SCP-4969-1-56 moves closer to Agent Lannister and begins rubbing their inner thigh area.

AL: What ar—

1-56: Just try one, Bob's girl is in the car. Just slip it on and go for i—

AL: Are you fucking serious?

1-56: What?

AL: You want me to have sex with one of your colleague's partners? To test a product?

1-56: Relax! She's not going anywhere, she's in the trunk o—

AL: The trunk of your car?!

1-56: Fucking chill dude, she's affecting business, this was Rob's responsibility for fucks sake.

Agent Lannister later confirmed feigning interest to find the hostage.

AL: Okay, take me uh… Take me to her.

1-56: Fuck yeah! Dude, you're gonna love this. Let's go.

SCP-4969-1-56 leads Agent Lannister to a minivan in an alleyway near the meeting place.

1-56: She's in here, don't get too carried away haha we're in public.

SCP-4969-1-56 opens trunk of vehicle, revealing an unidentified teenager (TG) before removing gag from her mouth.

1-56: (To girl) — Now, remember what I told you. Don't make a sound okay?

Agent Lannister is seen attacking SCP-4969-1-56.

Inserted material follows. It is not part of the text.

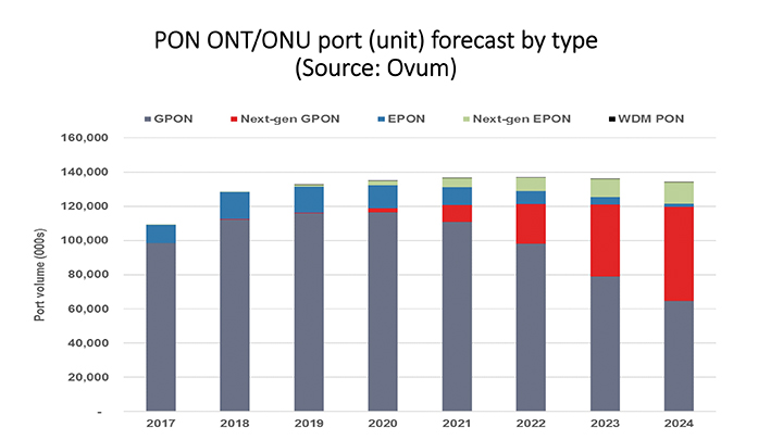 Although 25G and 50G PON should begin shipping in 2023, Ovum forecasts low sales volumes – at least initially. “Operators have different opinions: Is 10G enough, or do you need to go to 25G?” Kunstler says.

AL: You shitbag! Six-three move in on— my location, hostage found in suspect's vehicle.

1-56: Who the hell are you talki— Hey! Wha—

Agent Lannister switches off bodycam.

At the conclusion of the interview, a team of standby agents successfully cleared, amnestized and freed the kidnapped civilian. Further investigation revealed the location used as SCP-4969-1-56's breeding facility. Nine gestating individuals were found being held unwillingly. SCP-4969-1-56 was successfully apprehended but expired in custody as a result of unidentified blunt force injuries.